(Input material)

##########

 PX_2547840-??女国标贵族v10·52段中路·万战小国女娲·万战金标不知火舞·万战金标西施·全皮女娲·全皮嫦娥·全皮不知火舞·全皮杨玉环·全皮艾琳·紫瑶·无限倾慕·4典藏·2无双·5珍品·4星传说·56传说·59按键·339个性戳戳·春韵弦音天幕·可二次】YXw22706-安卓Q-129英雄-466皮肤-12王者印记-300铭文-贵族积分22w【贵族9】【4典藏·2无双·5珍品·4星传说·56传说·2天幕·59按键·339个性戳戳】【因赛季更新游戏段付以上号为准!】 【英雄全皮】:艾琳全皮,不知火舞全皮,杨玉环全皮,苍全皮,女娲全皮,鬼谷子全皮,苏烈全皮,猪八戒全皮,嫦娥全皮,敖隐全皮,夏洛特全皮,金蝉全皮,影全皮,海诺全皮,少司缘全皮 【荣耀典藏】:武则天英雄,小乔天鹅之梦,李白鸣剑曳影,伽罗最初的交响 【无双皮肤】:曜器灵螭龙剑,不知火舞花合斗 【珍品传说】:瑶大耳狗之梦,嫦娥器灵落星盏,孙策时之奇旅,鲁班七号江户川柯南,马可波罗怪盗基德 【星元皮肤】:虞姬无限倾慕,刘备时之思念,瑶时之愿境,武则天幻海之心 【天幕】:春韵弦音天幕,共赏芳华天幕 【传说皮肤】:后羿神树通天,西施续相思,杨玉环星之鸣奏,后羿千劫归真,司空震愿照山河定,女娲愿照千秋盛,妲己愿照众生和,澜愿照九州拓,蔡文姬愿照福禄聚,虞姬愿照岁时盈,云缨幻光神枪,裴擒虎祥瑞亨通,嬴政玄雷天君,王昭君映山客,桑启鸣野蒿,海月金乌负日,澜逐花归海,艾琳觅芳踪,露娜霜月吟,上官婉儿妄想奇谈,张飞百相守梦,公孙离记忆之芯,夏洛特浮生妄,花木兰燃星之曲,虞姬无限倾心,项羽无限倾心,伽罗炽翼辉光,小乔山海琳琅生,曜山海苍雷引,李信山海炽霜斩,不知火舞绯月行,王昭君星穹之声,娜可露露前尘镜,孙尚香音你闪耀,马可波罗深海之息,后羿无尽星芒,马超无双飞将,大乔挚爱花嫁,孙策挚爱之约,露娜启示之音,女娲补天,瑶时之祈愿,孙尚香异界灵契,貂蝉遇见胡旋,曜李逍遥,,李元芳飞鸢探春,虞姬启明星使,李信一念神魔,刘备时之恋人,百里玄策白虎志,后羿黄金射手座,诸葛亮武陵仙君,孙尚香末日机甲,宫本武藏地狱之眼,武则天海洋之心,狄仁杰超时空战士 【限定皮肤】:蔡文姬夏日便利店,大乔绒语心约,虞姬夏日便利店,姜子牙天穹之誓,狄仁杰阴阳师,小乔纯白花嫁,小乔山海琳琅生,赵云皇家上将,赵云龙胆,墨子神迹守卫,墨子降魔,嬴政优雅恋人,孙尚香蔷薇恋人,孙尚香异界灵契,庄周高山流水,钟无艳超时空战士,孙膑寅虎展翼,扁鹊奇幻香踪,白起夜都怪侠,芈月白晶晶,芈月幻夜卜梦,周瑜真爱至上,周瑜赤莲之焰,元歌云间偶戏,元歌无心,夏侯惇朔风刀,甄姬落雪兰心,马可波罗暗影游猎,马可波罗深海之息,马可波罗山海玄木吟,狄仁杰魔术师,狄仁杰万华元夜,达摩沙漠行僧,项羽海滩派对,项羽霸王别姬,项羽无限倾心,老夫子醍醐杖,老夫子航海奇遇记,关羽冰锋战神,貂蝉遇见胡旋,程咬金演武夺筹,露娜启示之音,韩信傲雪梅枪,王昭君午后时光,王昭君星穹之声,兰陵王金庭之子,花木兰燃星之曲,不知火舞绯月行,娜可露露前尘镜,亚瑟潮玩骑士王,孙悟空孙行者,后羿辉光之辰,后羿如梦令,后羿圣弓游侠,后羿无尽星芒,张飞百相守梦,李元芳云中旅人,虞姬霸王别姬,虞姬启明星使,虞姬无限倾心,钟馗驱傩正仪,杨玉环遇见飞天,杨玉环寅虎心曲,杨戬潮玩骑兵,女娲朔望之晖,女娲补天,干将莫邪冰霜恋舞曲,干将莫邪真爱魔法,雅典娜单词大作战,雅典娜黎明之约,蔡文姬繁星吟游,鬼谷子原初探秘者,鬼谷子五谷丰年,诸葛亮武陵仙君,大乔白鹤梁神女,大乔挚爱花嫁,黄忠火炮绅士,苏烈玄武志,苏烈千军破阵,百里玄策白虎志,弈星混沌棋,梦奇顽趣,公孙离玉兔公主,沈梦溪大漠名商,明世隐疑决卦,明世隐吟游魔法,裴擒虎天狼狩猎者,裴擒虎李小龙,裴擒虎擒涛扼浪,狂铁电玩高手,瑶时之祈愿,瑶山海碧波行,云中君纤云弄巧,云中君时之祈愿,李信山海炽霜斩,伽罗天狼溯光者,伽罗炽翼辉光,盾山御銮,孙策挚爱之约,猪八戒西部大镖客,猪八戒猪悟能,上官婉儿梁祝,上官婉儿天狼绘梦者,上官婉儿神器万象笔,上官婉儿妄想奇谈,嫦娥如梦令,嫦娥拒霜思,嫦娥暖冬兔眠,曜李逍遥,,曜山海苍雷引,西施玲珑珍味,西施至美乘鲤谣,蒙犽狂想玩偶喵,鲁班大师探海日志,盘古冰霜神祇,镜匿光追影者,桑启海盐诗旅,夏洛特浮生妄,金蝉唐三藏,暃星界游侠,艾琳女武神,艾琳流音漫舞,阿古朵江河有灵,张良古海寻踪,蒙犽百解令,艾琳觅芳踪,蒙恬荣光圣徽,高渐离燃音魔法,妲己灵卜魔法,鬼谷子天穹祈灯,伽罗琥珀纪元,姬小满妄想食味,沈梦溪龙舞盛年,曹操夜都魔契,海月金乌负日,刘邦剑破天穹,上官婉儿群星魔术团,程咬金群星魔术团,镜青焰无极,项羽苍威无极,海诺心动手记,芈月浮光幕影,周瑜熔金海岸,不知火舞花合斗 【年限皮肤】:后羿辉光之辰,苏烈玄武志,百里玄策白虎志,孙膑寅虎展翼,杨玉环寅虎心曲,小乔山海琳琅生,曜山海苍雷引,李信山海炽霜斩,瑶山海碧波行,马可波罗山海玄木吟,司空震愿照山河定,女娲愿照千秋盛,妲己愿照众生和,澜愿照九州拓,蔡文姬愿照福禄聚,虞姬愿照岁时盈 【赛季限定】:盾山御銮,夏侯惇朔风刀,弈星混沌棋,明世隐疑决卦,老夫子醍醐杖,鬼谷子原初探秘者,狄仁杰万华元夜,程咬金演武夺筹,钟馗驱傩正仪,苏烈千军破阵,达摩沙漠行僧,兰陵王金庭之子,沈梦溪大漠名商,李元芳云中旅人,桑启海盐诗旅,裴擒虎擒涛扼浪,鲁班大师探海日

##########

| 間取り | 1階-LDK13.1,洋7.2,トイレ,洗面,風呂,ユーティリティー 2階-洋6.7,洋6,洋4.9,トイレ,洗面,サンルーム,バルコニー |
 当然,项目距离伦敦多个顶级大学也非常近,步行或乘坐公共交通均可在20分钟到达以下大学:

##########

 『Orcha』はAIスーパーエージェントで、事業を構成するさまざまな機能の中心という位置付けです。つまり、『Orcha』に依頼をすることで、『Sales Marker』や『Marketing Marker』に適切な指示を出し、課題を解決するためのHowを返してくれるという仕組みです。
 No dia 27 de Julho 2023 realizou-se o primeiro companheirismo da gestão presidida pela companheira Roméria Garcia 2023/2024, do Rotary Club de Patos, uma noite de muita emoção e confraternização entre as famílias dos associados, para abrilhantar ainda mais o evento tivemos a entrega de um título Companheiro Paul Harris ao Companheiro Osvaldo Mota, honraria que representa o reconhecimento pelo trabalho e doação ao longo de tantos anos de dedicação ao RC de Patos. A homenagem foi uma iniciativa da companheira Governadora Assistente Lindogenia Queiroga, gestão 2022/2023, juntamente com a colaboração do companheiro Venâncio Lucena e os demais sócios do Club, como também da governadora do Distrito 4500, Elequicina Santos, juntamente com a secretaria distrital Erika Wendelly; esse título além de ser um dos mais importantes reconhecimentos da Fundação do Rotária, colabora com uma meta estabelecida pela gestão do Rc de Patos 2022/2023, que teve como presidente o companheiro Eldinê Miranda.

##########

(Problem)
Please give again the lines above between the line holding "間取り | 1階-LDK13.1,洋7.2,トイレ,洗面,風呂,ユーティリティー" and the line holding "当然,项目距离伦敦多个顶级大", inclusive, exactly as they are and with nothing added.

(Your solution)
| 間取り | 1階-LDK13.1,洋7.2,トイレ,洗面,風呂,ユーティリティー 2階-洋6.7,洋6,洋4.9,トイレ,洗面,サンルーム,バルコニー |
 当然,项目距离伦敦多个顶级大学也非常近,步行或乘坐公共交通均可在20分钟到达以下大学:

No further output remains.